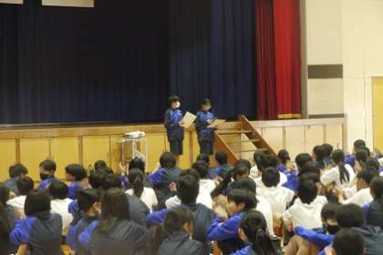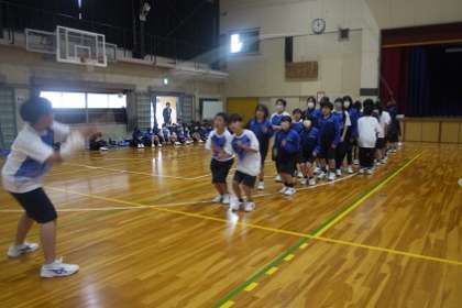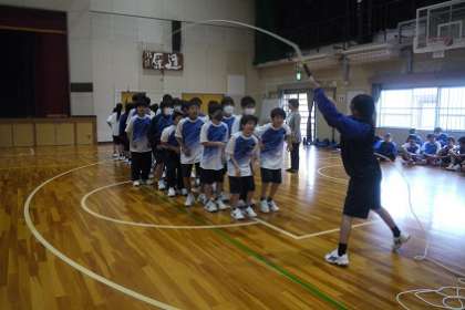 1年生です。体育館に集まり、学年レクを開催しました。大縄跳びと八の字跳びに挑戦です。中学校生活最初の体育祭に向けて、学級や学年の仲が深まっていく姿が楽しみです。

════

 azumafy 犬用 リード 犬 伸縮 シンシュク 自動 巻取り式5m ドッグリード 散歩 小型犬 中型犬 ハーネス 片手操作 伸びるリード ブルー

════

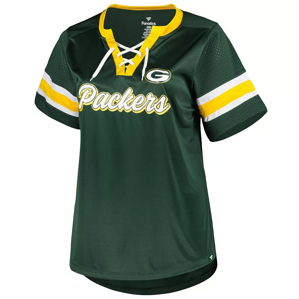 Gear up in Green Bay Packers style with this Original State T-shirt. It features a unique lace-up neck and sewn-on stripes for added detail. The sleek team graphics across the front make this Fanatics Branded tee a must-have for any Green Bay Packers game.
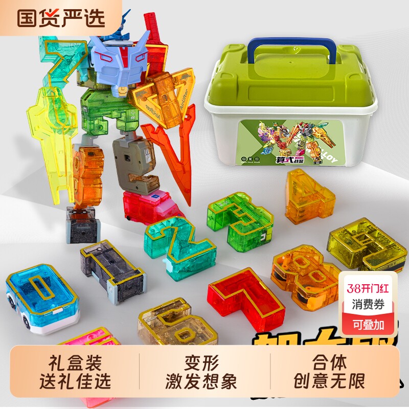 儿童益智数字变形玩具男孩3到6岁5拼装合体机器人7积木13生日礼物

════

- What is required -
In the records above, everything from the line with "Gear up in Green" down to the line with "儿童益智数字变形玩具男孩3到6岁5拼装合体机器人7积木13生日礼物" must be duplicated exactly, both lines kept. Leave no pictures in.

- The completed task -
 Gear up in Green Bay Packers style with this Original State T-shirt. It features a unique lace-up neck and sewn-on stripes for added detail. The sleek team graphics across the front make this Fanatics Branded tee a must-have for any Green Bay Packers game.
 儿童益智数字变形玩具男孩3到6岁5拼装合体机器人7积木13生日礼物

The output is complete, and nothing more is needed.